**Items from a data source:**
-=-=-

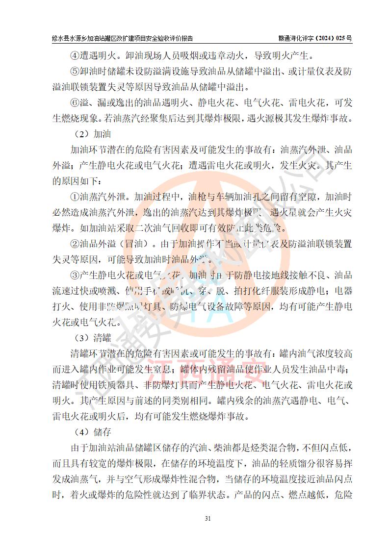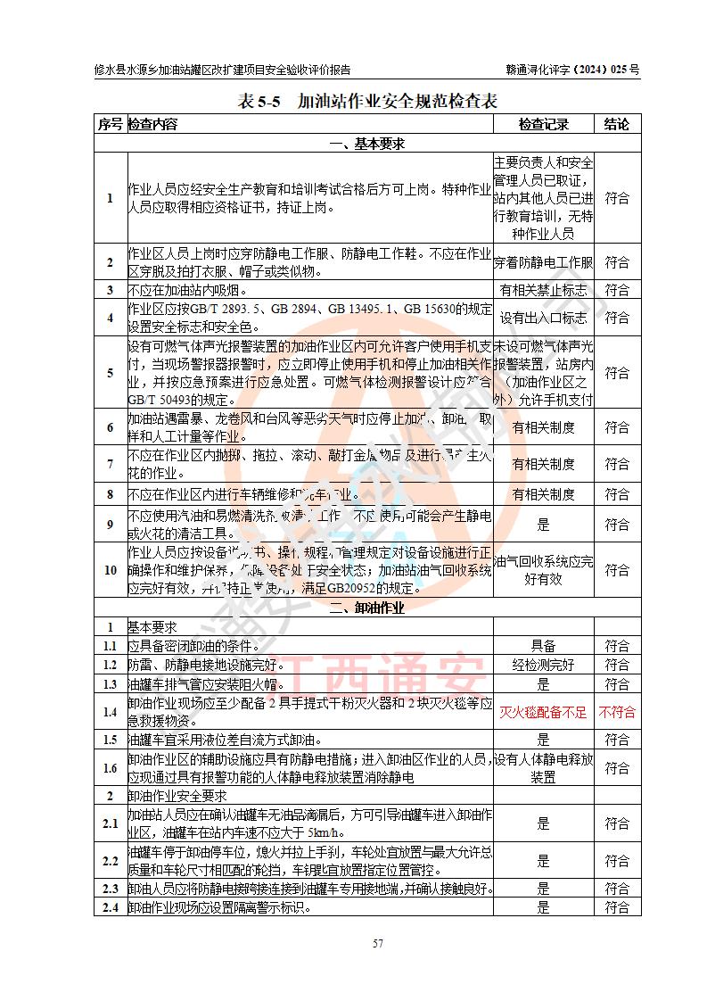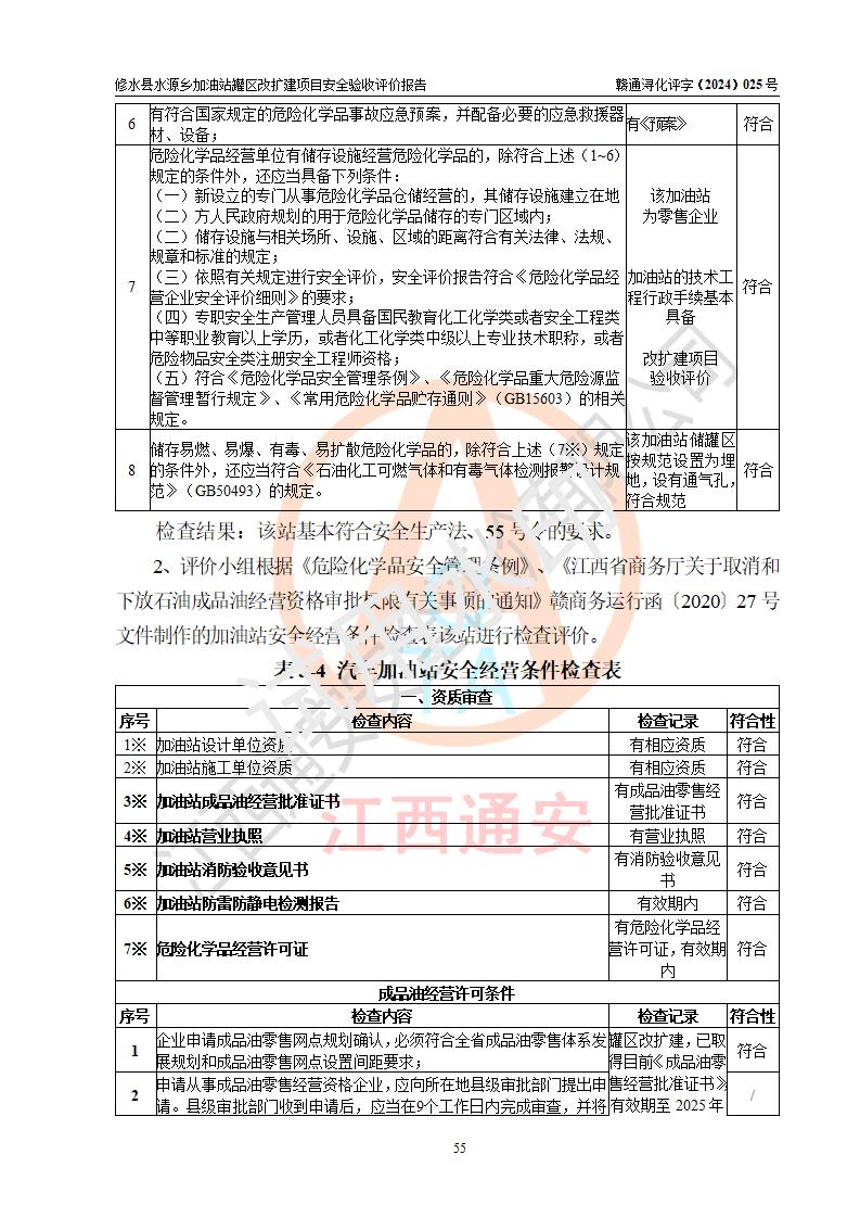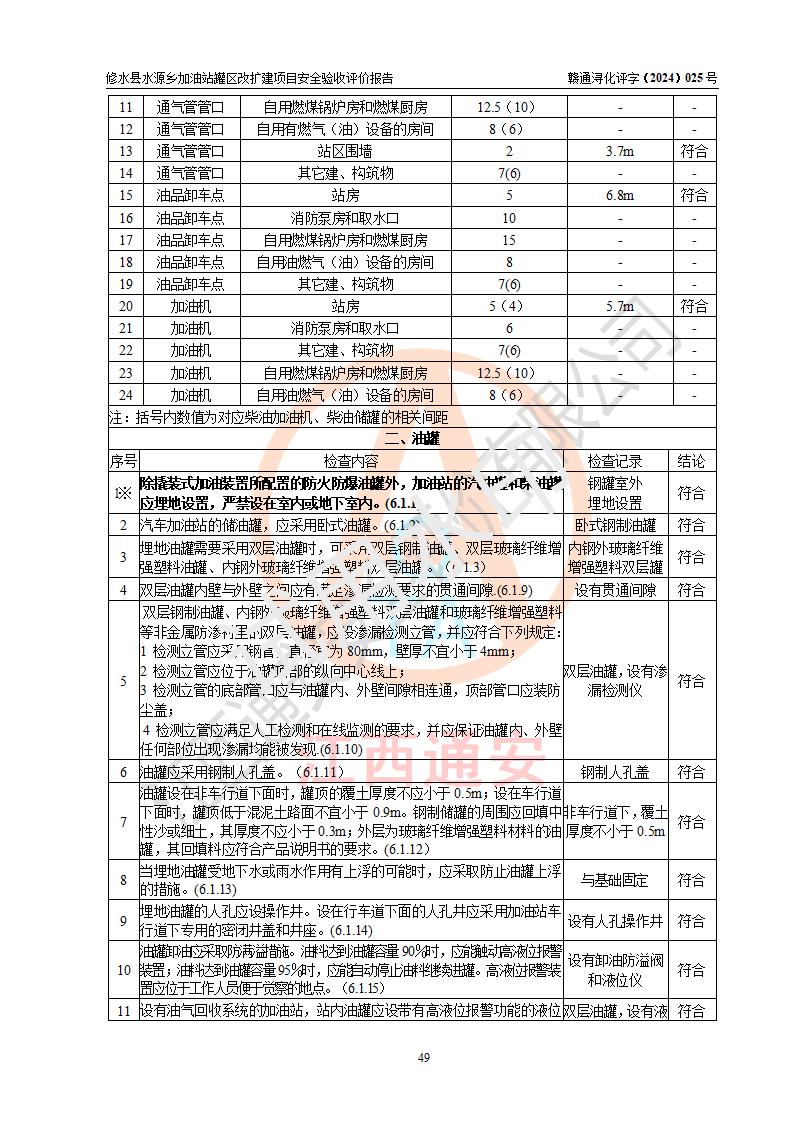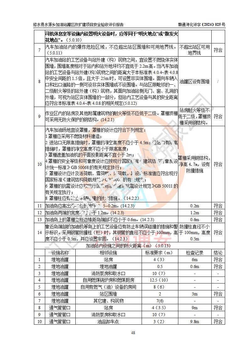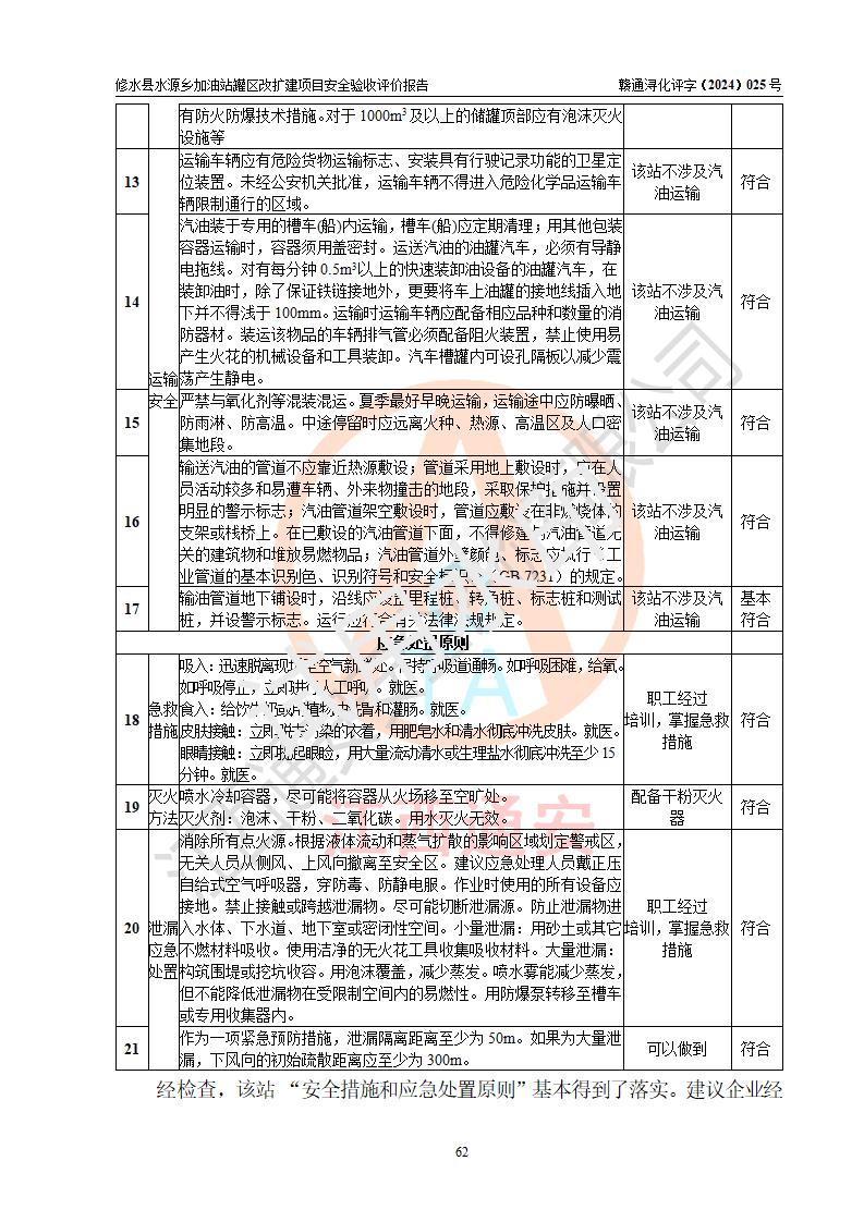 評(píng)價(jià)結(jié)論 | 修水縣水源鄉(xiāng)加油站罐區(qū)改擴(kuò)建項(xiàng)目涉及的安全條件、安全生產(chǎn)條件、安全生產(chǎn)管理符合《危險(xiǎn)化學(xué)品經(jīng)營(yíng)許可證管理辦法》、《汽車(chē)加油加氣加氫站技術(shù)標(biāo)準(zhǔn)》等**有關(guān)法規(guī)、標(biāo)準(zhǔn)、規(guī)范要求,能滿(mǎn)足成品油零售經(jīng)營(yíng)單位的安全條件,具備項(xiàng)目竣工驗(yàn)收的條件。 | |||
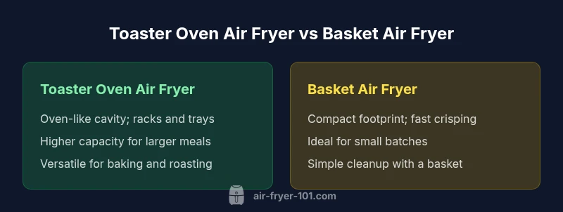 The phrase toaster oven air fryer vs basket air fryer captures two popular paths to crisp, apartment-friendly cooking, but they come from different design philosophies. A toaster oven air fryer combines the broad capabilities of a traditional toaster oven with the health-focused efficiency of air frying, using racks, a baking tray, and a heating element. A basket air fryer, by contrast, emphasizes a compact chamber with a perforated basket that guarantees rapid, uniform heat transfer to small batches. According to Air Fryer 101, the best choice depends on your typical meals, family size, and how much counter space you can allocate. If you bake, roast, or reheat larger dishes frequently, the toaster oven format often delivers better value per meal. If your daily routine involves quick snacks, frozen favorites, and small portions, the basket model tends to shine with speed and simplicity. In practice, many households appreciate both: a larger-capacity toaster oven air fryer for weekend cooking and a compact basket air fryer for quick weeknights. By understanding the core trade-offs—capacity, heating behavior, and cleanup—you can map your kitchen workflow to the right format.
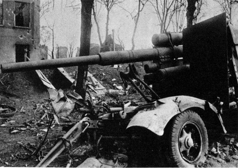 Окраина Кёнигсберга. Брошенное 88-мм зенитное орудие FlaK 36/37.
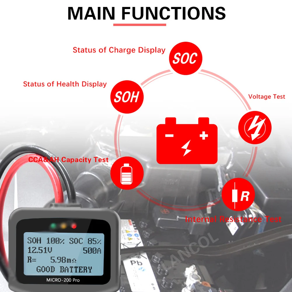 Быстро и точно Измерьте фактические холодные Скручивающиеся амперы пусковой батареи транспортного средства, здоровое состояние самой батареи и общую неисправность системы запуска транспортного средства и системы зарядки, что может помочь техническому обслуживанию быстро и точно найти проблему, таким образом, чтобы достичь быстрого ремонта автомобиля.
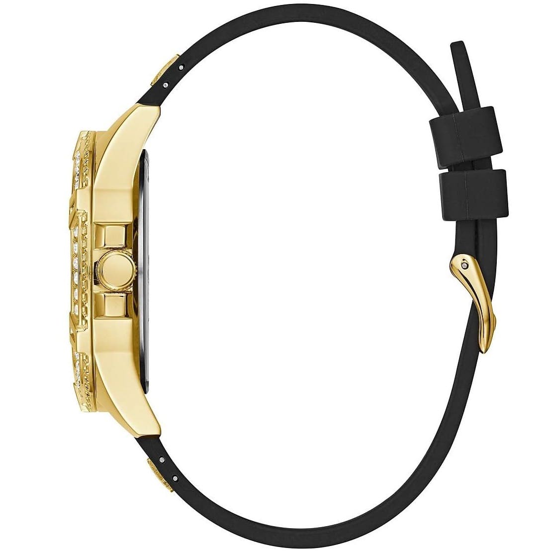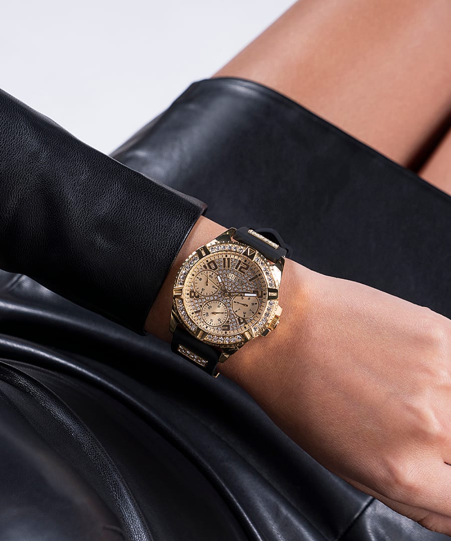 Expertly crafted by the renowned brand Guess, this women's watch features a sleek black dial and a frame of sparkling stones, adding a touch of glamour to any outfit. The perfect blend of style and functionality, this timepiece is a must-have accessory for any fashion-forward individual.
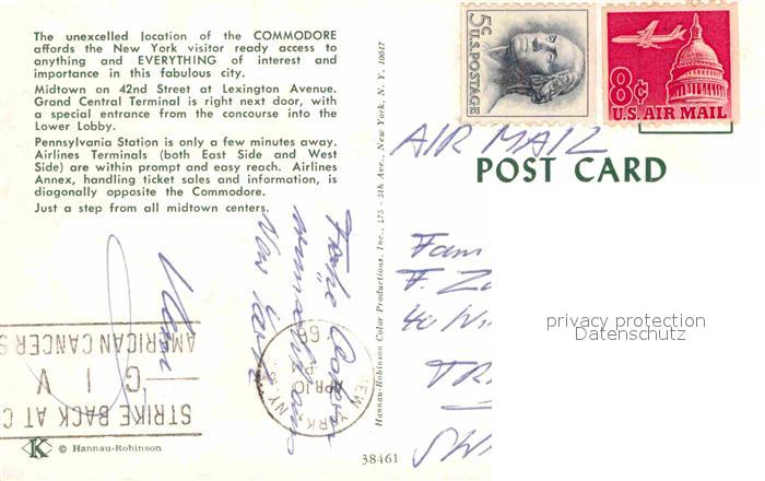 72637174 old postcard New York City Hotel Commodore postalisch gelaufen Erhaltung siehe scans [FriedD77] KatCode: 14140340000000
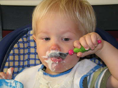 He is so cute! My son had such a hard time learning to use a spoon. I honestly think it has only been in the last few months that he has really gotten good at it.
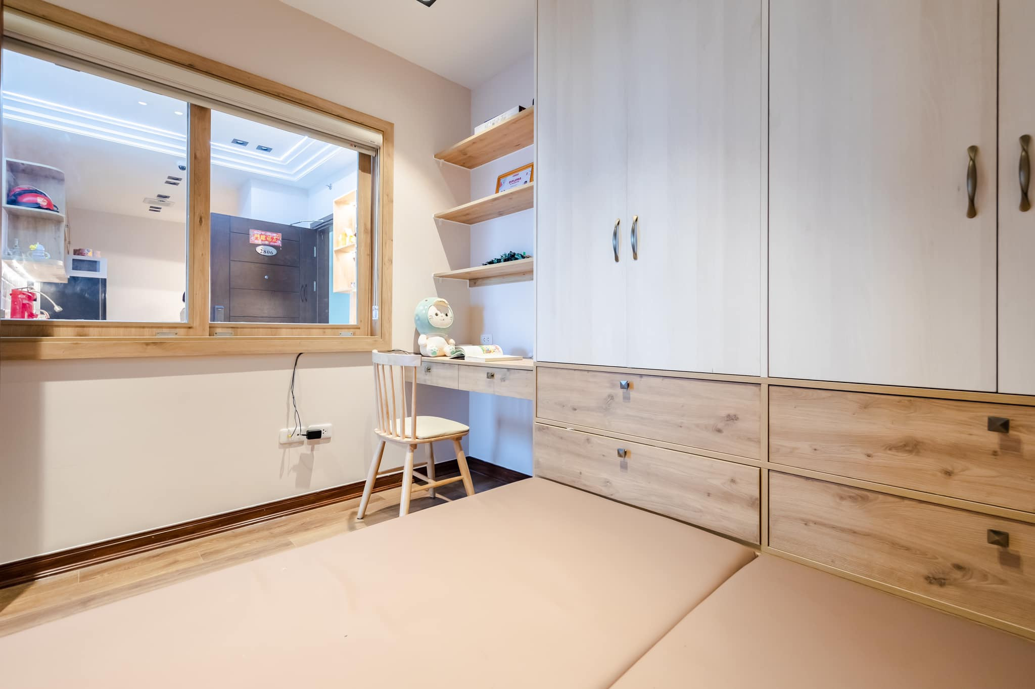 Căn phòng rất nhỏ, chỉ khoảng 10m2, thiết kế CĐT chỉ có 1 ô cửa bé xíu thông ra phía ngoài hành lang. Chị Hằng đã trổ cửa để phòng thoáng hơn, nhìn qua cửa sổ là bàn ăn và bếp. Chị kê được 1 chiếc giường 1.8m với tủ quần áo và bàn học. Do phòng nhỏ nên chị thiết kế hệ tủ và giường liền khối. Phần gầm giường thành hộc chứa để tăng diện tích lưu trữ.

-=-=-

**TASK GOAL:** Beginning at the line that contains "72637174 old postcard", retype each line of the data above through the very last one. Do not retype the pictures.

**RESPONSE BELOW:**
 72637174 old postcard New York City Hotel Commodore postalisch gelaufen Erhaltung siehe scans [FriedD77] KatCode: 14140340000000
 He is so cute! My son had such a hard time learning to use a spoon. I honestly think it has only been in the last few months that he has really gotten good at it.
 Căn phòng rất nhỏ, chỉ khoảng 10m2, thiết kế CĐT chỉ có 1 ô cửa bé xíu thông ra phía ngoài hành lang. Chị Hằng đã trổ cửa để phòng thoáng hơn, nhìn qua cửa sổ là bàn ăn và bếp. Chị kê được 1 chiếc giường 1.8m với tủ quần áo và bàn học. Do phòng nhỏ nên chị thiết kế hệ tủ và giường liền khối. Phần gầm giường thành hộc chứa để tăng diện tích lưu trữ.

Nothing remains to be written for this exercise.